Presynaptic and postsynaptic mechanisms underlie paired pulse depression at single GABAergic boutons in rat collicular cultures

Abstract

Paired pulse depression (PPD) is a common form of short-term synaptic plasticity. The aim of this study was to characterise PPD at the level of a single inhibitory bouton. Low-density collicular cultures were loaded with the Ca²⁺ indicator Oregon Green-1, active boutons were stained with RH414, and action potentials were blocked with TTX. Evoked IPSCs (eIPSCs) and presynaptic Ca²⁺ transients were recorded in response to direct presynaptic depolarisation of an individual bouton. The single bouton eIPSCs had a low failure rate (< 0.1), large average quantal content (3-6) and slow decay (τ₁ = 15 ms, τ₂ = 81 ms). The PPD of eIPSCs had two distinct components: PPD_fast and PPD_slow (τ = 86 ms and 2 s). PPD_slow showed no dependence on extracellular Ca²⁺ concentration, or on the first eIPSC's failure rate or amplitude.
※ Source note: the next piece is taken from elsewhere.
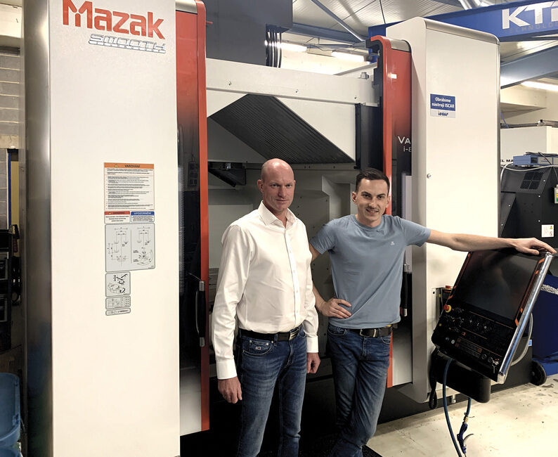 Spolupráce mezi firmami KTD Technologies a Mazak započala před dvěma lety. Letos v červenci, měsíc po podepsání objednávky, bylo z evropského skladu dodáno obráběcí centrum Mazak Variaxis i800 Neo. „Kvalita, tuhost, servis, intuitivní ovládání...“ vyzdvihuje Tomáš Duspiva (vpravo) dosavadní zkušenosti z provozu stroje a Ivan Šedivec k tomu s úsměvem dodává: „Když se točí vřeteno, stroj vydělává a zákazník dále investuje.“ (Foto: R. Dvořák)
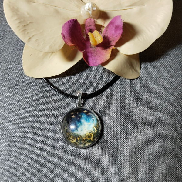 Halskette mit Lederband verstellbar (von Länge 45-50cm), Anhänger aus einem Edelstahl-Rohling mit schönen Motiv und Kuppel-Glascabochons, Größe des Anhängers 20mm.

Most probably, it reflects a release-independent inhibition of exocytosis. PPD_fast was only observed in normal or elevated Ca²⁺. It decreased with the failure rate and increased with the amplitude of the first eIPSC. It coincided with paired pulse depression of the presynaptic Ca²⁺ transients (τ = 120 ms). The decay of the latter was accelerated by EGTA, which also reduced PPD_fast. Therefore, a suppressive effect of residual presynaptic Ca²⁺ on subsequent Ca²⁺ influx is considered the most likely cause of PPD_fast. PPD_fast may also have a postsynaptic component, because exposure to a low-affinity GABA_A receptor antagonist (TPMPA; 300 μM) counteracted PPD_fast, and asynchronous IPSC amplitudes were depressed for a short interval following an eIPSC. Thus, at these synapses, PPD is produced by at least two release-independent presynaptic mechanisms and one release-dependent postsynaptic mechanism.